It's getting downright eerie how every time I open WWRWW there is right away a sentence in the section I'm on that perfectly describes and explains where I am in the present.
Yesterday I was feeling like I had lost my footing. That the progress I was feeling had disappeared. I tentatively posited that it may be related to Roi's stepping up in his recovery. I didn't ask him to do this, he did it on his own, but I'm sure that my moving toward leaving helped prompt it. Either way, I was intuiting that this action on his part was not jiving well with my progress. It would suggest some hope that he'll find genuine sobriety and become a better person -- that the lying might stop, the acting out, the selfish behaviors.
His amping up on recovery was coinciding with my amping up on "seeing the truth" for what it was, but his new actions changed the truth I was seeing and interrupted my being able to process my feelings about it.
Last night before bed I picked up WWRWW where I had left off and two pages in, this:
Women who try to make their deeper feelings invisible are deadening themselves. The light goes out. It is a painful form of suspended animation.
Precisely describes how I'm feeling and why. My deeper feelings about Roi involve hurt and the wrong-doings that led to that hurt. He was my outer predator, but I hadn't been willing to fully face that before because I kept holding on to hope.

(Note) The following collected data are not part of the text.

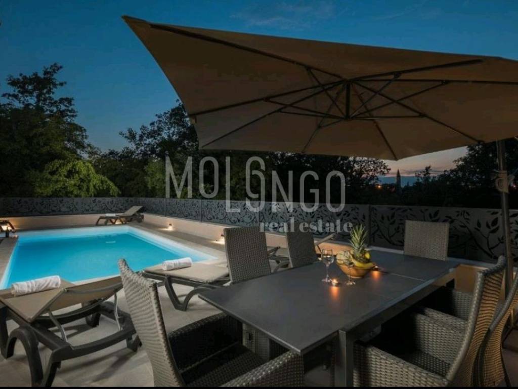 The house on the northwest side was built as a luxury holiday villa with a swimming pool. The villa is spread over two floors and has two parking spaces in front of the house. The spacious garden with barbecue and swimming pool is perfect for family gatherings and outdoor enjoyment. The interior of the house is air-conditioned and equipped with a modern heating, ventilation and air conditioning system, ensuring comfort throughout the year.
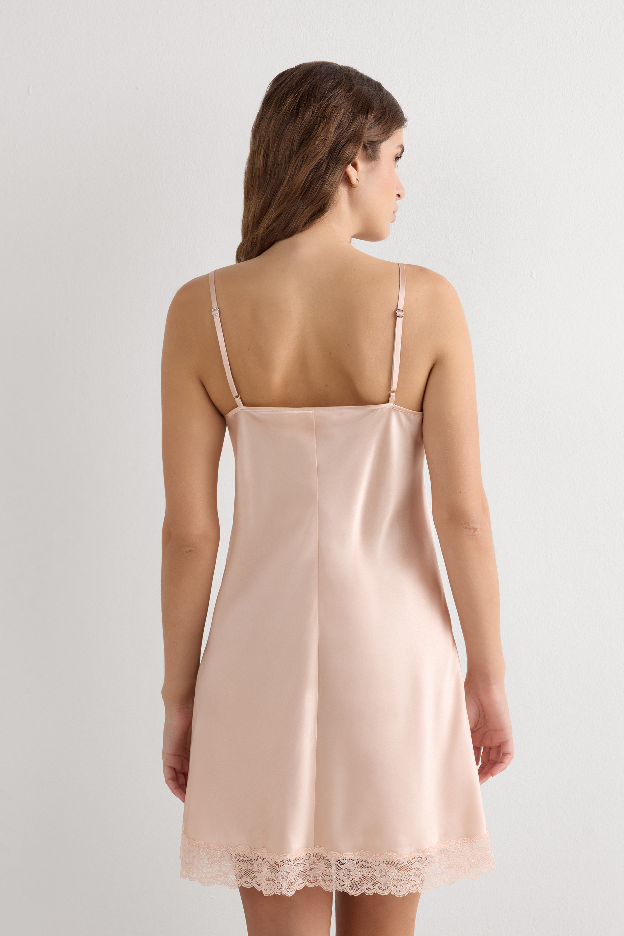 Шелковая комбинация с V-образным вырезом на тонких регулируемых бретелях. Линия декольте и нижний край изделия выполнены из кружева.
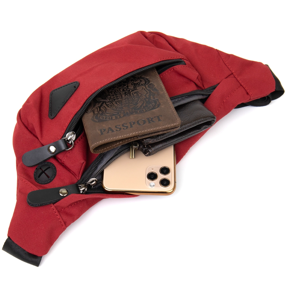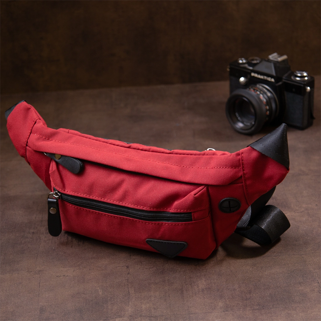 Компактная бананка из нейлона красного цвета. Аксессуар имеет
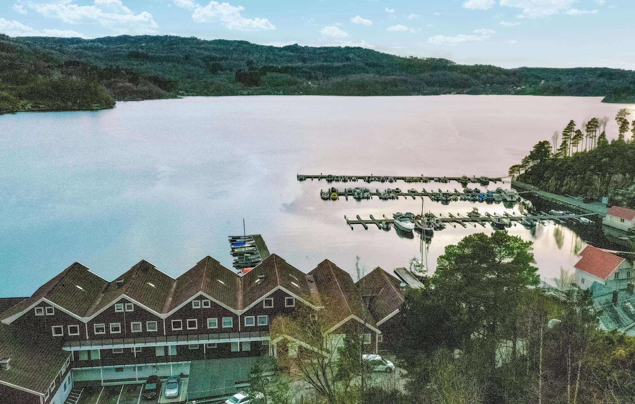 Die lichtdurchflutete Ferienwohnung empfängt ihre Feriengäste in wunderschöner Lage, am glitzernden Bjørnafjord. Im Inneren vermittelt die Kombination von den sommerlichen Farben Weiß und Hellblau die Nähe zum Meer. Egal, ob Sie in der offenen Wohnküche kochen, essen oder Karten spielen, durch die großen Panoramafenster können Sie immer den Fjord sehen. Gehen Sie auf die schöne Terrasse mit hervorragendem Blick auf den Fjord und den kleinen Jachthafen hinaus und entspannen sich nach einem erlebnisreichen Tag in den Lounge-Möbeln. Es gibt ein Restaurant im selben Gebäude und gute Angelmöglichkeiten vom Land aus.
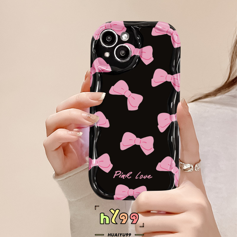 Casing Bintang Simpul Pita Hati Cinta Merah Muda Lucu Untuk OPPO A38 A18 A15 A57 A78 A95 A7 A55 A53 A17K A17 A96 A98 A16 A74 A1K A31 A58 A54s A54 A16K A52 A76 A5 A9 A3s A16E A5s A12 Reno 8T 6 4 5 7Z 5F Soft Cover Tepi Melengkung Bergelombang
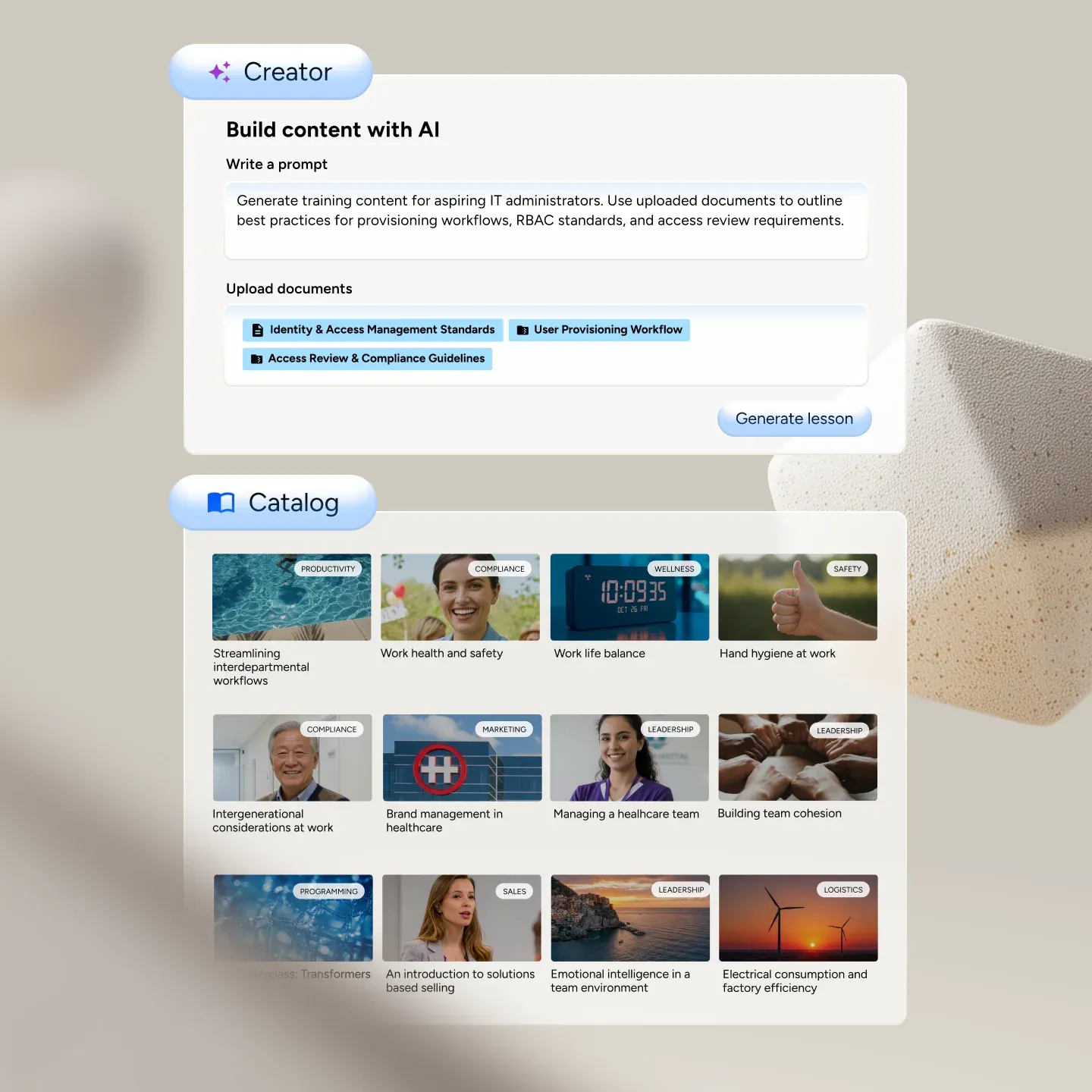 Ja. Über unseren Content-Marktplatz stehen mehr als 40.000 Kurse zur Verfügung, darunter Compliance-Schulungen, Diversity & Inclusion, berufliche Weiterentwicklung von Mitarbeitenden und spezialisierte Kurse wie medizinische Ausbildung über Elsevier. Ergänzt wird dies durch KI-gestützte Inhaltserstellung, mit der Sie eigene Inhalte erstellen und kuratieren können – alles, was Sie für Ihre Bildungsanforderungen benötigen.
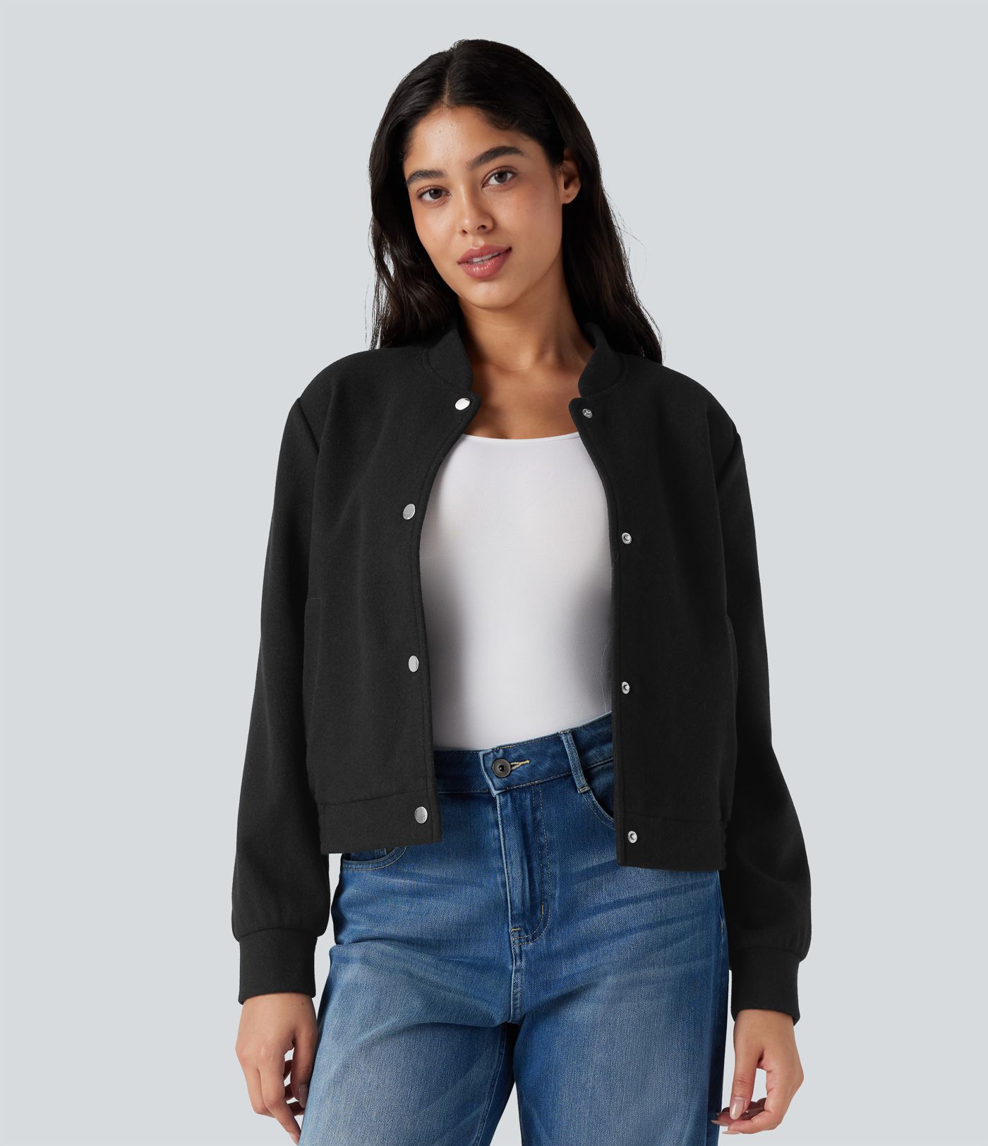 Veste bomber polaire col montant manches longues avec poches
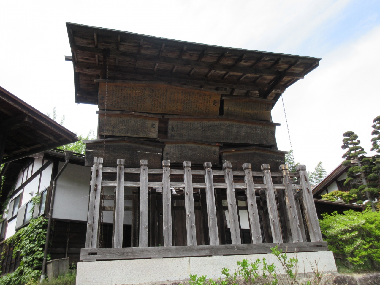 妻籠宿の最も北、坂道の上に建っています。江戸時代、幕府が庶民に対して新たな決まり事や禁じたことを示した掲示板です。禁じごとを破った者への処罰や、破った者を報告した者への褒美などについても掲示されたようです。馬籠宿にも全く同じ形をした高札場が残っていました。どちらも決まり事を徹底するために使われたと思いますが、高札一つで徹底するなど現代では考えられません。いかに情報量が少なかった時代だったかがわかります。
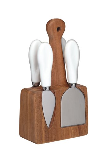 PRODUCT DESCRIPTIONS:A great combination of natural materials to present a simple and stylish cheese knife set. Tactile ceramic handles are fused to durable stainless steel blades and displayed on a natural acacia wood stand. Including three cheese knives and a cheese fork, it is an easy and essential addition to any cheese board. Block measures 10cm wide x 5cm deep and 18.5cm high. Each knife/fork is approximately 14cm long. Knives are dishwasher safe. Wooden knife block is wipe clean only. 5 year guarantee. Not to be sold to persons under 18 years.
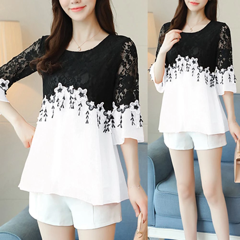 Плюс Размер Женская Цветочная вышивка кружева Лоскутная Ткань 3/4 с расклешенными рукавами Блузка Топ
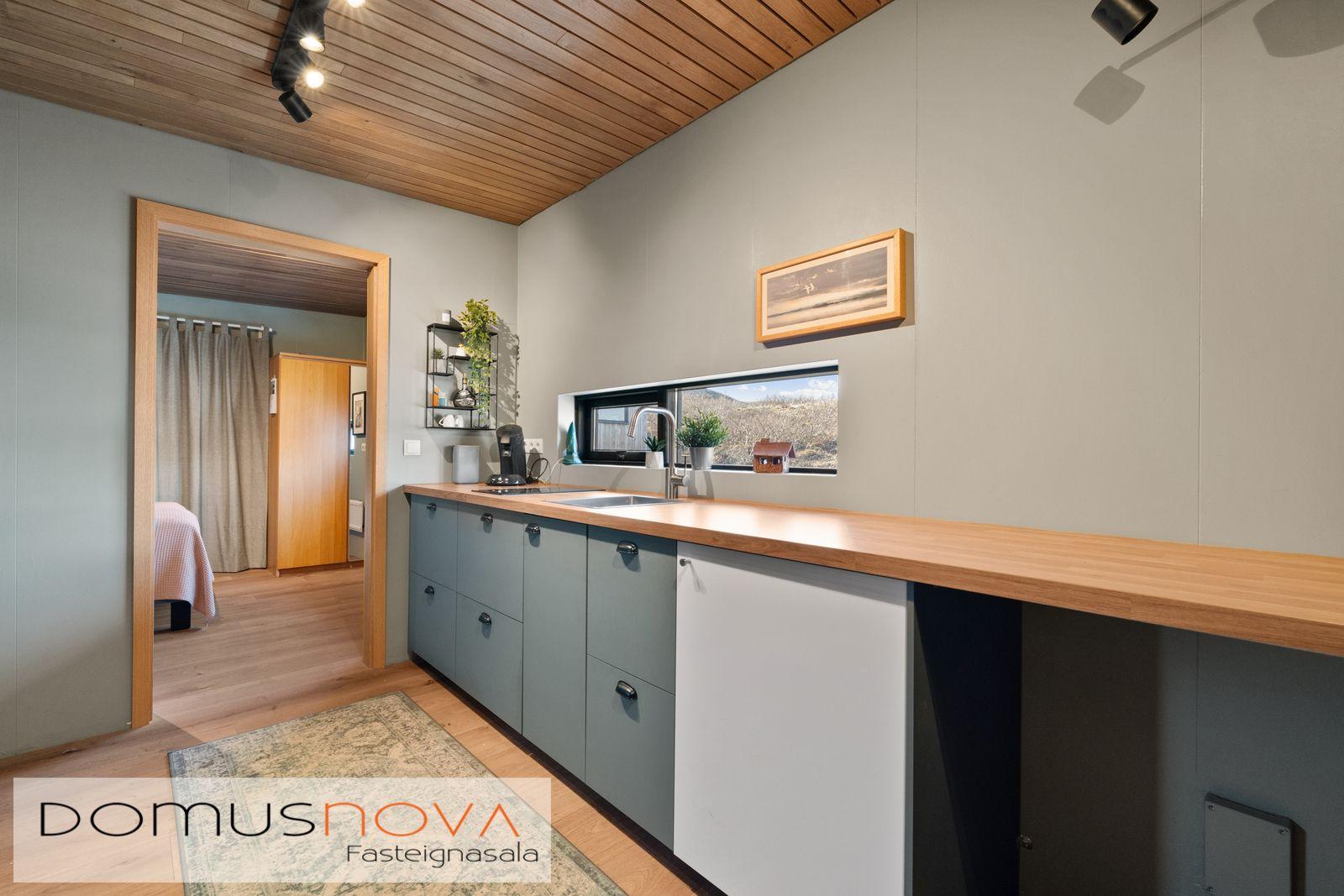 Í aðalrými er eldhúsinnrétting með góðu bekkjarými, vaski, liltu helluborði og innbyggðum litlum ísskáp.
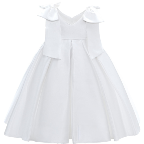 WhiteivoryPalermo satin bowpleated dress for kid and baby girls from Tulleen. A trapeze silhouette made ofsoft and lustrous satin.The highlight of this enchanting dress is the adorable matching bow accents on the shoulders. These dainty bows add a touch of whimsy to the outfit.

When I washed the veils of hope away, entered the Killing Room, and saw the carnage for what it was, I was building the psychic energy required to fight back, to save myself. Roi's new dedication to wellness introduces hope again and I don't want it right now. But because it is there, I've suppressed everything again, and now hang out in the dead zone, painfully suspended.
What next, is the question.
I must go back to the Killing Room and find my own bones, collect them up, and move them to safety.